Paulie gave hugs all around, while I put my gifts on the table with the others.

“Jared. I’m glad you’re all right.” Maria came into my arms as if she belonged there, then pulled away awkwardly and ran a thumb over what was left of my black eye. “You are all right, aren’t you?”

“Mostly,” I said. “I still don’t know who set me up.”

“You will.” Her smile settled somewhere in the bottom of my stomach. “You’re a good investigator. Frank’s a good investigator. Between the two of you, I know you’ll solve this thing.”

“I wanted to thank you and D.W. for helping out with the bail.”

“Oh, that.” She waved a dismissive hand. “I could hardly let the father of my son languish in some jail cell, could I?”

She was wearing denim shorts and a pink T-shirt with a picture of mountain gorillas on the front. Most of Maria’s shirts have wildlife on them. So do about half of mine, mostly because she gave them to me.

Her thick, dark hair was pulled back in a high ponytail, not so much for looks as to keep it off her neck. It was too hot to do much else. Her shoes were leather sandals I’d given her three years ago, imports from Spain. They showed her small, tanned feet with the toenails painted pink to match the shirt.

I fought the urge to plunge my tongue into her mouth. The look on her face said she was having the same thought.

Or maybe it was wishful thinking.

“You look great,” I told her, meaning it.

“So do you,” she said, “except for the bruising.”
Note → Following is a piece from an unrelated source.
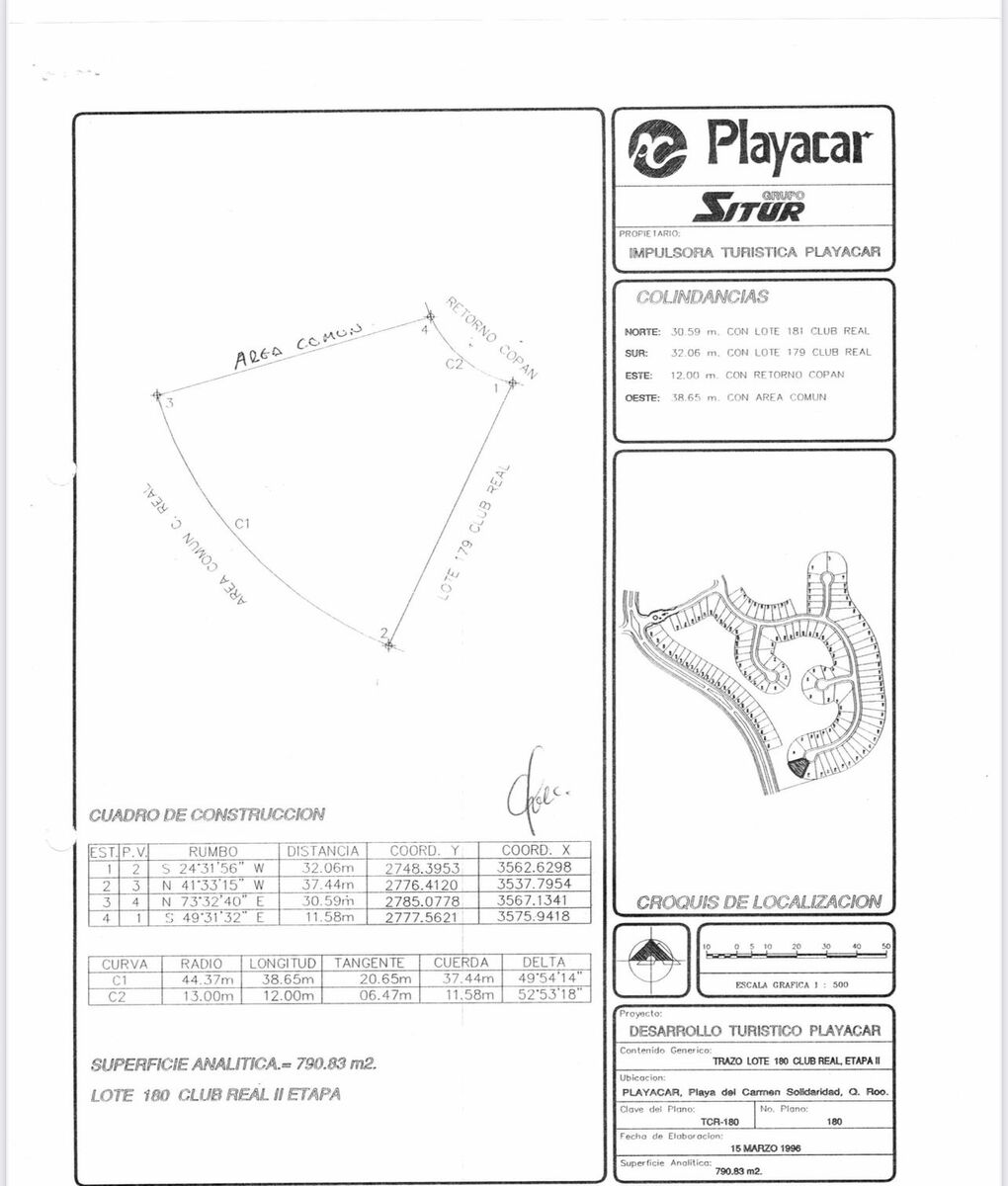 SPO - LOTE HABITACIONAL RESIDENCIAL CON UNA SUPERFICIE DE 790.83 METROS CUADRADOS , CUENTA CON AGUA POTABLE ENTUBADA , DRENAJE , ALCANTARILLADO , CALLES PAVIMENTADAS CON GUARNICIONES Y BANQUETAS DE CONCRETO , ENERGIA ELÉCTRICA , ALUMBRADO PÚBLICO , SERVICIO DE RECOLECCIÓN DE BASURA , LÍNEAS TELEFÓNICAS , TRANSPORTE PÚBLICO , CERCANAMENTE AL HOTEL SANDOS PLAYACAR, HOTEL IBEROSTAR TUCAN , HOTEL RIU TEQUILA, ETTC.

There was something else in her eyes, a tentativeness, a holding back. You couldn’t be married to a woman for thirteen years and not know when something was bothering her.

“Okay,” I said. “Spit it out. What aren’t you telling me?”

Her smile was sad. “You always could read my mind, couldn’t you? All right. There is something I want to discuss with you. But later. Right now, I have to go finish the potato salad.” She turned and called to Jay and to Randall’s wife, Wendy, who was showing Paulie how to blow his party favor. “Wendy, Jay, could you come and help me in the kitchen?”

With Jay and the two women gone, I decided to bite the bullet and say hello to my replacement.

He was using a spatula to put raw hamburger patties on the grill. Besides hamburgers, he had hot dogs, chicken breasts, and corn on the cob, still in the husks. I stifled a wave of jealousy. It was a new gas grill, not the one Maria and I had cooked out on. But it was my job he was doing.

“Hey, D.W.” He was a little shorter than my six feet, maybe five-ten, with a rugged, square-jawed face, a receding hairline, and the beginnings of a paunch. He wore knee-length khaki shorts with a navy and green golf shirt and white tennis shoes, no socks. Jay said he looked like a man you could depend on.

I thought he looked like a schmuck.

“Thanks for the bail-out, man,” I said.

He shrugged, not meeting my eyes. “It meant a lot to Maria, getting you out.”

“Because of Paul.”

He jabbed at a burger with his spatula. “I expect so. She says you absolutely couldn’t have done this thing. She knows you, I guess.”

I felt a flush creep up my neck. “You think I did it?”

He stopped what he was doing and met my gaze. “I don’t think you did it,” he said. “But I don’t know you didn’t. All I know is that my wife thinks you didn’t do it.”
My wife
. I tried not to wince as he went on. “It means a lot to her that you didn’t do it. So if you did, I’m telling you right now, you’d better never even dream of hurting her the way that other poor woman was hurt. If you so much as breathe on her wrong, I’ll tear out your spleen with my bare hands.”

You and what army
, was my first thought. Then I thought again and knew that, if our places were reversed, I’d be giving him the same speech. “D.W.,” I said, “I would eat hot coals before I’d hurt Maria. Or Paulie. Or you, for that matter.”

“Well.” He sighed and flipped the burgers. “Well, that’s kind of what I thought. But I felt it needed to be said.”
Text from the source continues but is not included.